Con la fede dei poveri, uscirono di nuovo a gettare le reti. Pescarono il corpo di un’immagine spezzata, una Madonna nera, scurita dalle acque fangose del fondo del fiume. Buttando di nuovo la rete, raccolsero anche la testa.
Il racconto dice che da quel giorno riempirono sempre le loro canoe di pesci. La gente del posto portò via la santa da quella casa, perché era troppo semplice, ma ogni volta che ci provavano… la mattina dopo la statua riappariva nella baracca.
Era l’anno 1717, all’interno dello stato di São Paulo, nel cuore del periodo coloniale e di un’economia basata sulla schiavitù, benedetta dalla religione dei signori.

Ci fa bene, ogni tanto, sentir parlare di Dio dai piccoli, dagli esclusi. Non raccontano secondo la nostra logica razionale, non rispettano i canoni della rivelazione.
L’ideologia dominante, allora come oggi, tende a ‘sbiancare’* la società brasiliana, nasconde le sue radici afro-discendenti, cristallizza il razzismo in strutture che replicano l’esclusione dei neri. Ma la “santa” che appare nelle mani dei pescatori è nera e vuole restare in casa con i poveri feriti dallo sfruttamento coloniale.
Un’apparizione che, a differenza di tante altre, non dice nessuna parola. Si esprime con il suo volto, così come a Guadalupe la Madre di Dio ha assunto un volto indigeno. Parla dalla posizione che ha scelto, viene dal profondo delle acque scure, preferisce la baracca dei pescatori.
Resta nelle case della gente e nelle piccole cappelle della devozione popolare per più di centocinquant’anni, poi viene definitivamente trasferita in un Santuario.

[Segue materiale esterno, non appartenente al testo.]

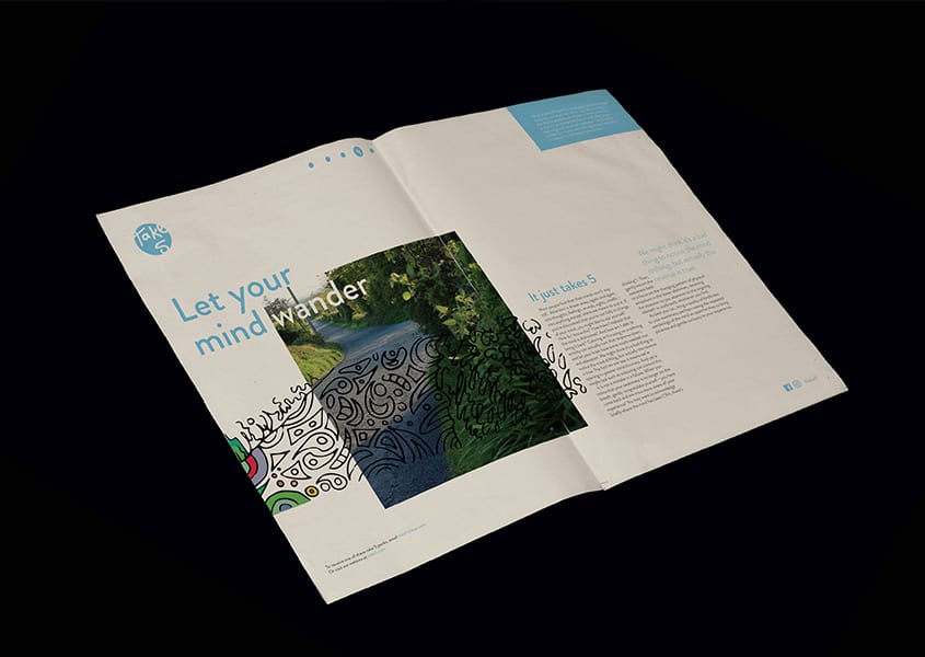 Take 5 is aimed at this young demographic to help them de-stress and take time out in the day to practice mindfulness. At the same time it doesn’t associate mindfulness with what people stereotypically think of meditation. Take 5 asks us to take 5 minutes out in the day to concentrate on ourselves by following 5 simple steps.

Diventerà, in seguito, patrona del Brasile, simbolo dell’unità nazionale.
Le case e le piccole comunità in cui quest’immagine di Maria ha abitato sono il luogo della madre e della donna, segno del Dio dei piccoli che si lascia incontrare negli spazi domestici, accoglienti ed inclusivi, itinerante e sempre in visita tra i poveri.
Il tempio verso cui, finalmente, è stata convogliata la fede della gente, può essere simbolo e tentazione pericolosa di centralizzazione**, controllo ed anche esclusione, secondo le regole e la visione tipicamente maschile.

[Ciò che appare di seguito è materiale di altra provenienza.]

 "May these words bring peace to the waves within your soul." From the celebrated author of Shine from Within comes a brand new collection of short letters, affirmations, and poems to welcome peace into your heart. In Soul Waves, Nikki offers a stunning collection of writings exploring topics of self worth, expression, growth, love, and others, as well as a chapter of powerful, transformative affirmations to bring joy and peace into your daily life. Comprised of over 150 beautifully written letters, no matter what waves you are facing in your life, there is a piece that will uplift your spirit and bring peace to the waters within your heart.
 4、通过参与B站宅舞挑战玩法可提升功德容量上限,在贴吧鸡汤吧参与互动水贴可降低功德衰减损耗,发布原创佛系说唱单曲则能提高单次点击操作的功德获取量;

In questo mese di ottobre celebriamo i 300 anni di “Nossa Senhora Aparecida”. Ancora oggi Maria ci offre una profezia, a partire dalla sua posizione, dal suo corpo nero, volto femminile di Dio, compagna di cammino nella fede dei più piccoli e di coloro che, per vergogna o per definizione, non possono entrare in Chiesa.
Per preparare la grande celebrazione del 12 ottobre, varie repliche dell’immagine sacra hanno circolato durante un anno intero in tutto il Paese. Passano da una parrocchia all’altra, visitano le piccole comunità, a volte durante la settimana si fermano ogni notte nella casa di una famiglia diversa. Provocano incontri, valorizzano le periferie, toccano con mano la vita quotidiana.
Ripetono, in qualche modo, il Vangelo della visitazione e ci stimolano a ripensare volti e strategie di una chiesa “di strada”.

* La teoria del “branqueamento” ha preso piede in Brasile all’inizio del secolo XX, considerando l’uomo bianco europeo come miglior riferimento in termini di salute, bellezza e civiltà. Attraverso le generazioni, i discendenti degli africani sarebbero divenuti a poco a poco sempre più bianchi e puri. La società di oggi, pur se in modo velato, replica questo pregiudizio. L’iconografia religiosa in molti casi lo rafforza.

**Proprio nel Santuario di Aparecida si è realizzata nel 2007 la 5a Conferenza dei Vescovi Latinoamericani e dei Caraibi. Uno dei punti più significativi del documento finale è la visione di parrocchia come comunità di comunità, decentralizzata, con forte insistenza sulla formazione ed il protagonismo dei laici nei loro ministeri.